The deeply impoverished in the urban centers of the Deep South find themselves out of luck and with nowhere to turn in a region where unemployment is already high and wages are low. As The Washington Post reported in 2015, the poor have been pushed out of the center of metropolitan areas and away from employment due to the rising cost of real estate and harmful government policies. Cash-assistance programs and other social safety-net measures have been decimated and the Southern poor are more likely to be single parents with no help, as five of the six states with the highest percentage of single parents are in the Deep South. Often displaced from the center of town, they rely more on public transportation, which is of the worst quality in the nation. White Southern Republicans oppose mass transit systems, keeping low income and Black people entrenched in poverty with little opportunity for advancement. Opposition to spending for infrastructure, social services and other initiatives reflects a Republican mindset against government programs under the assumption they will help Black people.

Source: USDA

The legacy of racial and economic inequality that plagues the South to this day is a testament to the enduring presence of slavery and Jim Crow segregation and a system built on the dehumanization and exploitation of Black people and the accumulation of white wealth. The South has had hundreds of years to normalize the inequality and desensitize itself to the injustices inflicted upon those of African descent, as its white elites have thwarted any attempts at unity between Black and white working-class folks.
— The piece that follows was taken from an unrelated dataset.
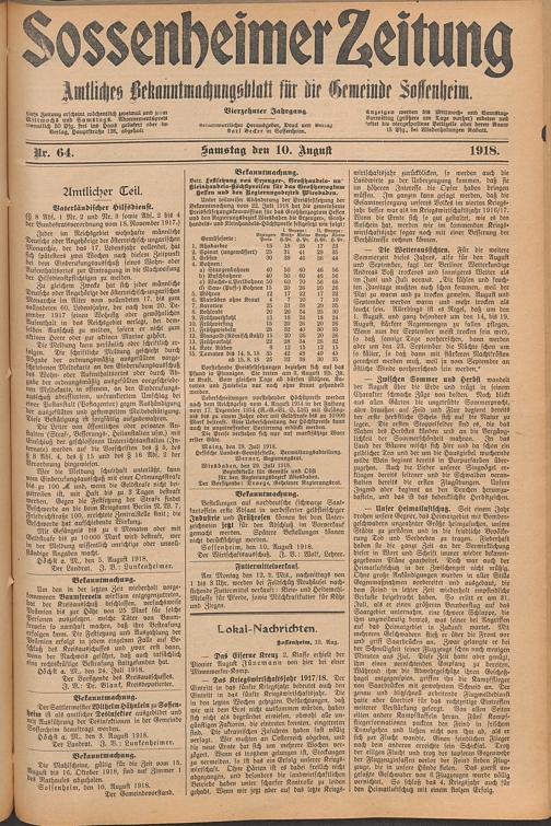 Regionale Zeitungen aus der Zeit des Ersten Weltkrieges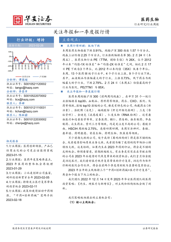 报告建议关注年报和一季度报行情,并指出2023年全年的投资主线为“中药+创新药械+医疗诊疗复苏”,同时需关注个股自下而上的机会。

As Alyson Zandt wrote in “Facing South,” what is wrong with the South is what is wrong with America. “What went wrong is centuries of enslavement and systemic discrimination that resulted in the immense disparities we see today — but most news stories don’t capture that context,” she said. “Our region’s history of economic dependence on free, forced labor, and then later on cheap, exploitative labor, meant there were minimal opportunities for wealth creation for those outside the economic elite, and particularly for people of color, and there has been unequal investment in community resources that are beneficial to the entire population, like schools, transportation and health care.” Even in the absence of legalized racial segregation, segregation in the South is maintained along highly demarcated lines of poverty and affluence, which are, in turn, color coded.

This is why inequality remains endemic in the South, as many Black people are left behind in the booming economy, unable to share in its fruits. Systems of oppression will continue to do what they know.